Bayesian vs Evolutionary Optimisation in Exploring Pareto Fronts for
Materials Discovery
Abstract
With advancements in automated experimental setups, material
optimisation and discovery can scale to higher throughput with larger
evaluation budgets. Two state-of-the-art algorithms with conceptually
different multi-objective optimisation strategies (Bayesian and
Evolutionary) are compared on synthetic and real-world datasets. Our
results show that the Bayesian optimisation strategy, q-Noisy Expected
Hypervolume Improvement (qNEHVI) is superior in finding solutions at the
Pareto Front rapidly, and when considering hypervolume improvement as a
performance indicator.
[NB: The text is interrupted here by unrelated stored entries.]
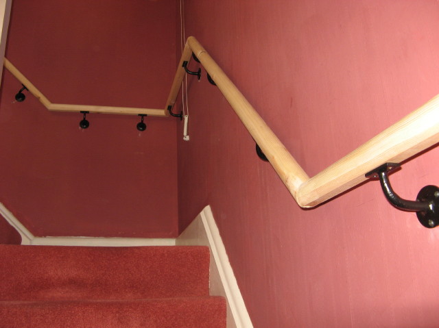This Softwood Mopstick handrail with black brackets fitted to an elderly gentleman’s staircase in Southampton. As I have said in past posts none of us are getting younger. The customer gratefully informed me that having this handrail will enable him to remain in his home of 55years. He was finding it increasingly difficult to manage the stairs. The handrail will be finished off in white by his wife – a mere 91 years old!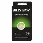 The surface is coated with a gentle lubricant and includes a reservoir, supporting smooth application and added security. The transparent finish maintains a discreet, classic appearance. Billy Boy Emotionally Intense condoms are individually wrapped for maximum hygiene, making them suitable for everyday use.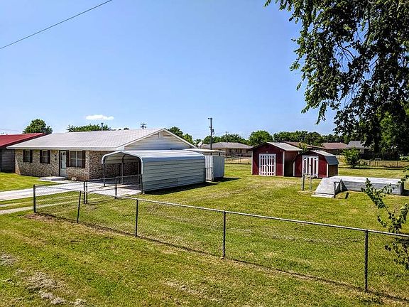 Extremely well maintained brick ranch style home on over sized fenced yard in Comanche. 3 bedroom 1 & 1/2 bath with central heat/air, and inside washer and dryer room. Large storm shelter, 2 extra storage buildings and utility gate access to back yard. This home will qualify for USDA/VA or FHA financing! Call/text Jade with Kay's Real Estate for more information 580-470-5304

On the other hand, the Evolutionary optimisation
strategy, Unified Non-dominated Sorting Genetic Algorithm III
(U-NSGA-III), can exploit the Pareto Front and propose a larger pool of
optimal solutions, given sufficient evaluation budget, and thus may be a
better choice for materials discovery problems where knowing the
complete Pareto Front provides greater scientific value to understanding
materials space. We discuss the limitations of using hypervolume as a
performance indicator for optimisation strategies, alongside
hypervolume-based strategies such as qNEHVI, which do not adequately
explain the number of solutions at or near the Pareto Front. We also
performed a comparison of both optimisation strategies at different
batch sizes to consider throughput capabilities.